Back when I was a child, I naively thought—in the way that most young people think---that life would be so much easier as an adult. You know what I mean, the freedom to drive wherever I want to go, without having to depend on my parents or a bus schedule. To do what I want, when I wanted to do it, to not have someone telling me what to do all the time—maybe it’s not a bad thing, I guess, that no one told me about bosses—or I might never have decided to want to grow up.
Most children don’t grasp things like rent, mortgages, utility bills, taxes, car and other loan payments, bank balances, credit card debt, things like washing machines, cars and boilers breaking down. Kids don’t know about leaky roofs, job layoffs and heating bills.
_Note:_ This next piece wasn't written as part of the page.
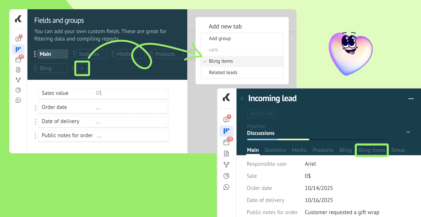 Create orders by setting up a Bling pipeline trigger in Kommo.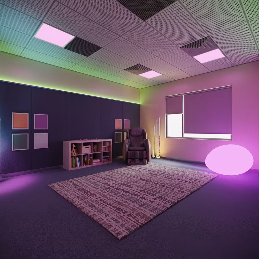 Các phòng can thiệp 1:1 và nhóm nhỏ được bố trí riêng tư, tối giản về thị giác nhằm giúp học sinh cảm thấy an toàn và tập trung vào quá trình trị liệu.

They may overhear their parents fussing, or even fighting, about these things, but being as they have no experience with them, the problems may seem close to home, yet to most children, the things that make their parents moan, are nonetheless still very distant. Which I personally believe, is a really good thing. The young ones of this world, will have a lifetime to discover the less than happy and usually very dull and tedious side of life—why rush it upon them? Prepare them somewhat, yes. But, don’t just shove them out into the world, and let them fend for themselves. Innocence somehow, now, has become an anathema to many adults.
The world is crowding us in, with more and more unpleasant knowledge entering our lives everyday. Not necessarily a bad thing, still, the bare truth is, is that the more we are jostled by the unpleasant, the more happiness we lose. That is not to say that we cannot be happy, in the midst of bitter reality. Heck, not by a long chalk. Happiness is everywhere, for those who choose to seek it out. Sometimes it’s right on our doorsteps, and sometimes it much farther a field, occasionally hidden in some obscure and darkened corner.
So, as young person, I sometimes strained against the collar my parents and my age placed upon me, eager to get the bit in my teeth, and forge ahead to reach for my dreams and those things I most desired and longed for. Yet, the older I get, the harder life becomes. If only I’d known that, growing up. Perhaps I would have appreciated just how very wonderful, my life back then sometimes could be, and would not have minded so much, the unpleasant times.